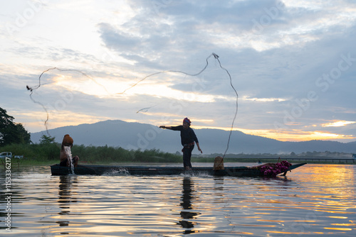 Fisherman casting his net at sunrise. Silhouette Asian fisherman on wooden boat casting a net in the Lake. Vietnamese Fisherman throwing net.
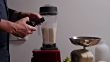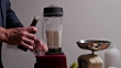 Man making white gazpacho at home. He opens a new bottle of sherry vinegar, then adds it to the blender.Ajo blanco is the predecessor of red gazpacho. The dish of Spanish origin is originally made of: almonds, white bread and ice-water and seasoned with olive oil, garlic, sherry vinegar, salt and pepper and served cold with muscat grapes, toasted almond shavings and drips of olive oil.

---

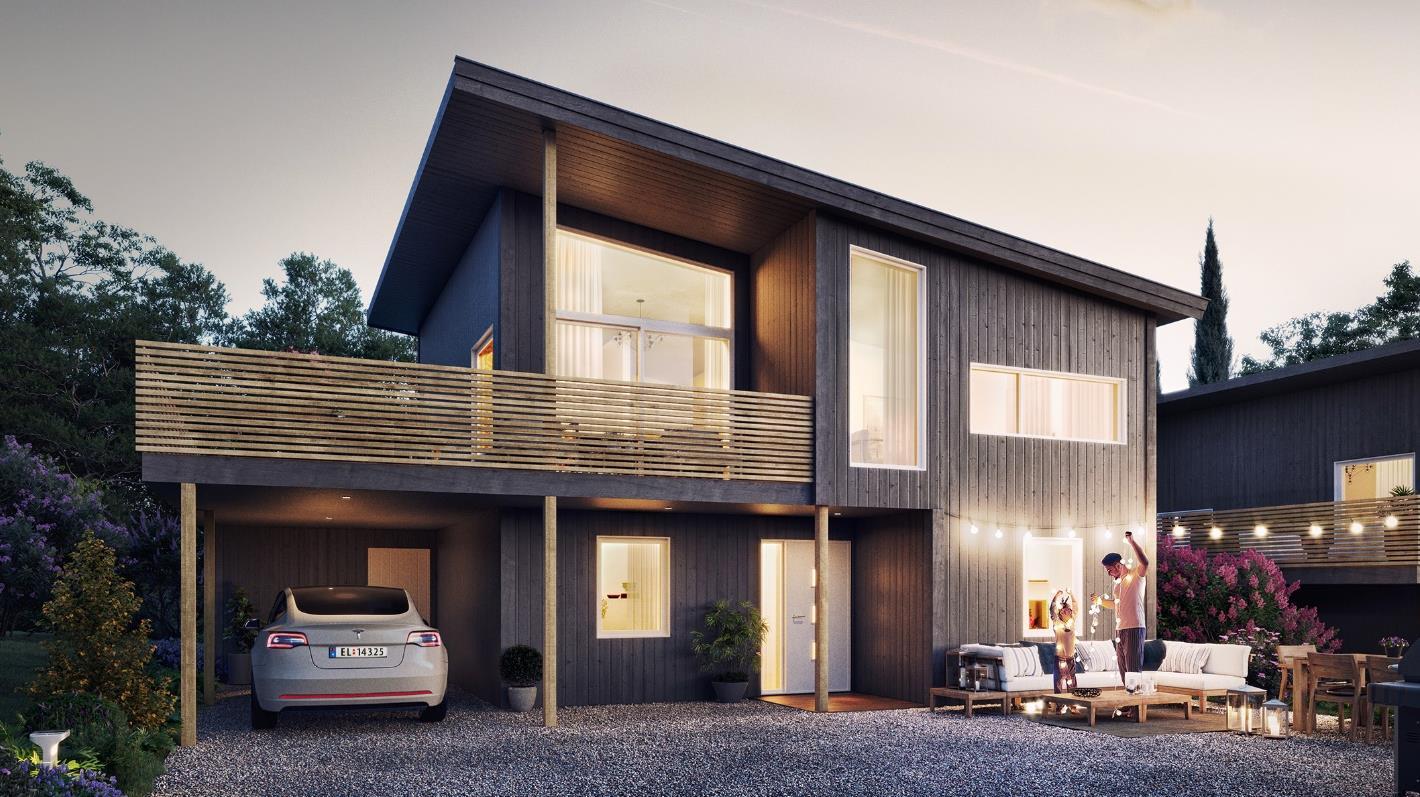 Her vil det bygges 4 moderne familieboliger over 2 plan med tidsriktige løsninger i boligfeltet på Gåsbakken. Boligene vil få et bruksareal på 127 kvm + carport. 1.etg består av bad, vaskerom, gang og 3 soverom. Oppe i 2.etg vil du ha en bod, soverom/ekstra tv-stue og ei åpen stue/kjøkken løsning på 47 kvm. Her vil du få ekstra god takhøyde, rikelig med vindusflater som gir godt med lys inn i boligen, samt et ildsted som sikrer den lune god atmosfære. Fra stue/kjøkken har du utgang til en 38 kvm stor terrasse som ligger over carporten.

--

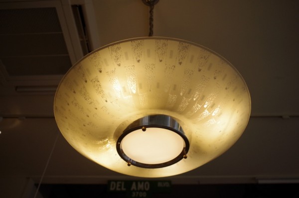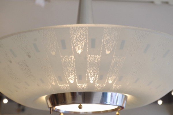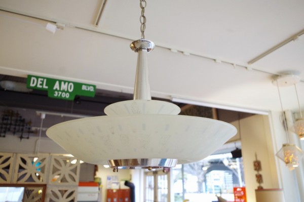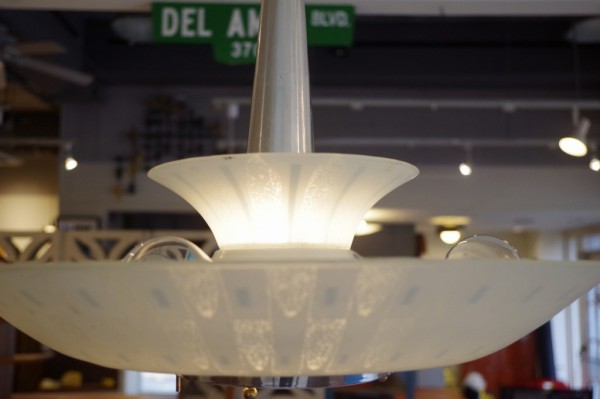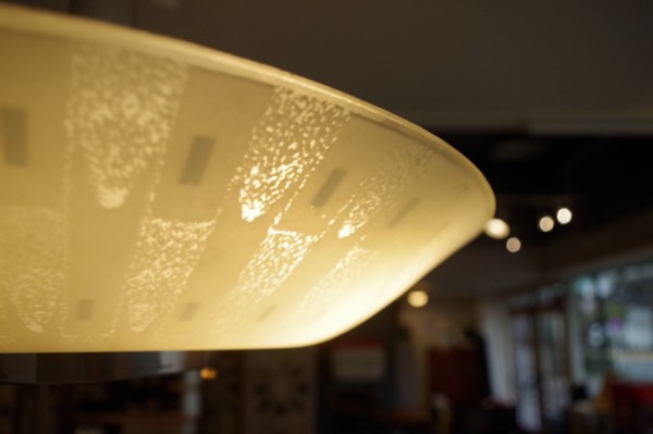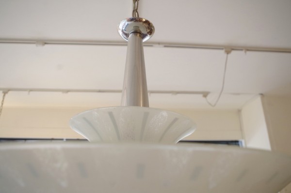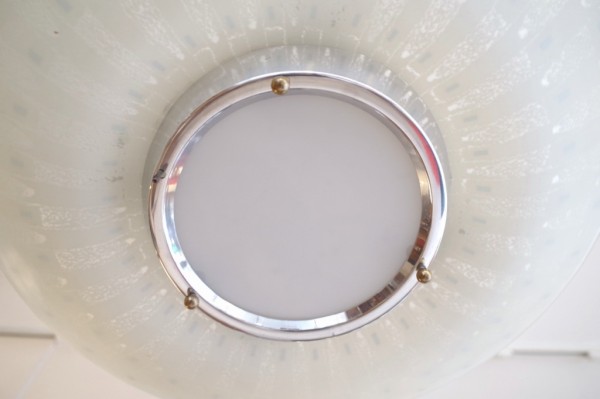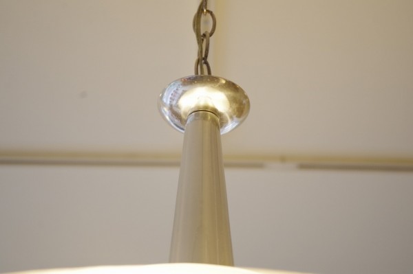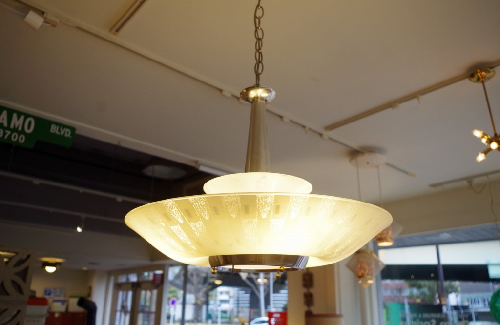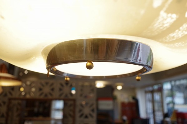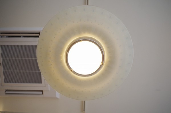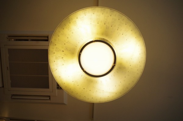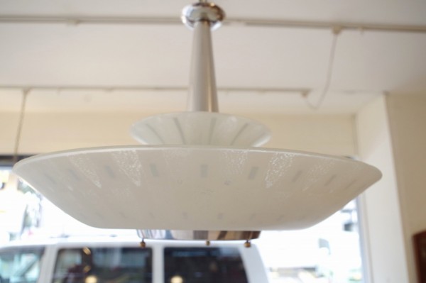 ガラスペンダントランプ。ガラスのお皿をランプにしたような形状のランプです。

= What the task asks =
Excluding any pictures, print exactly the lines of the listing above from the line with "Fisherman casting his" to the line with "Man making white", both ends included.

= Result of the exercise =
 Fisherman casting his net at sunrise. Silhouette Asian fisherman on wooden boat casting a net in the Lake. Vietnamese Fisherman throwing net.
 Man making white gazpacho at home. He opens a new bottle of sherry vinegar, then adds it to the blender.Ajo blanco is the predecessor of red gazpacho. The dish of Spanish origin is originally made of: almonds, white bread and ice-water and seasoned with olive oil, garlic, sherry vinegar, salt and pepper and served cold with muscat grapes, toasted almond shavings and drips of olive oil.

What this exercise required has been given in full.